Many of the sysadmin types tell me that ROCm (AMD’s GPU type device stack) is now actually capable of running most useful workloads, so apparently Nvidia buying PGI under circumstances that make it hard to imagine they were doing anything other than trying to stop the release of a portable CUDA toolchain bought them about a decade of moat. It may just be that the higher level languages (torch, orca) got popular and all have AMD backends because of the really big HPC facilities’ investments rather than any real same layer compatibility.
D-Wave was no where to be seen, but a bunch of new quantum startups with more method variety have cropped up, I think in response to the settling (annealing) based stuff not turning out to be very useful and some vaguely promising results on photonic mechanisms out of China. The company that builds the chandelier looking chillers for many of the big quantum players had their own little booth this year, which I suppose in the standard analogy (and reality) is the sheet-metal stamper peeking out from behind the shovel salesman.

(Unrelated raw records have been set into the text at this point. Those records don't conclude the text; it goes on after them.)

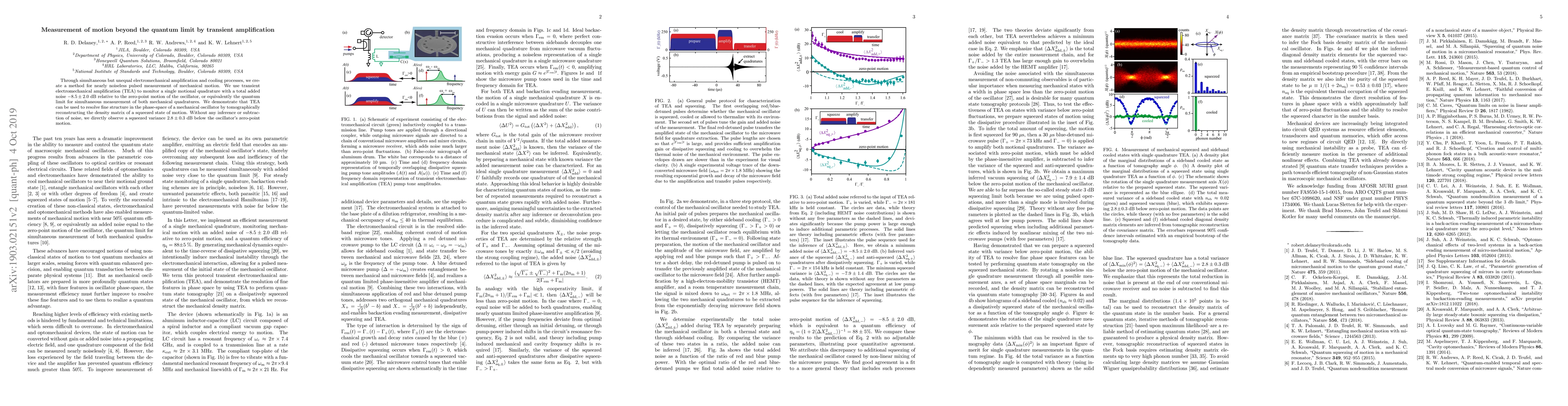 This paper presents a method for nearly noiseless measurement of mechanical motion beyond the quantum limit using transient electromechanical amplification, achieving a noise level $-8.5\pm2.0$ dB below the quantum limit and directly observing squeezed variance $2.8\pm 0.3$ dB below zero-point motion.
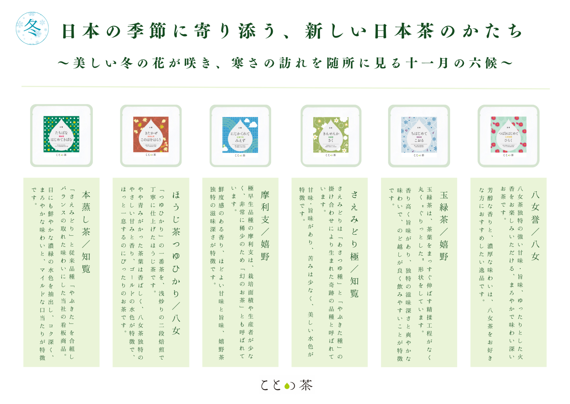 七十二候の繊細な季節感をもとに、茶葉のたのしみ方を提案する新しい日本茶商品。
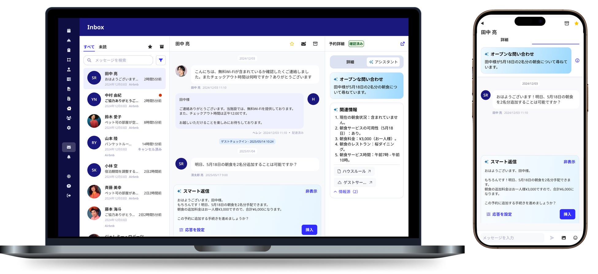 宿泊・民泊業界では、人手不足の中で1日数十件に及ぶメッセージ対応が大きな負担となり、多施設を運営する企業では「メッセージ専任チーム」を置くほどの課題となっています。
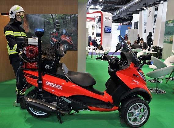 La movilidad del sistema ataque al fuego Fire Stop 200/30 con tecnología water mist se amplía cuando se transporta en una moto, en el stand se pudo ver uno, instalado en un scotter Piaggio MP3 500, se puede transportar igualmente en todo tipo de vehículos pequeños y en embarcaciones de cualquier tipo.

It was a rehash from an earlier conference paper, but the open secret that the proxy benchmarks for the big codes the national labs are running are now like 75% memory fetches and integer math seems to be fully out. They spend all their time pointer chasing in the pivot tables for sparse matrices and the fancy FP hardware barely matters because, as always in a modern context, everything is dominated by hard-to-predict memory accesses.
And of course the number of companies selling AI snakeoil was at a record high. AI services. AI accelerators comprised of FP8 hardware that doesn’t even give you an order of magnitude and doesn’t encode a NaN so you can’t tell you’re operating entirely on garbage bits. AI consulting. Cryptobros feeling out the new AI hustle. It’s like the “big data” cycle a little over a decade ago, but instead of believing any sufficiently large pile of shit contains a pony with probability approaching one, they just …hope the glorified pattern recognition engines will find them a pony if fed their data? And they might be right, but the pony will probably be a hallucination.
…and apparently I picked up a 2nd round of COVID on the trip. Fabulous.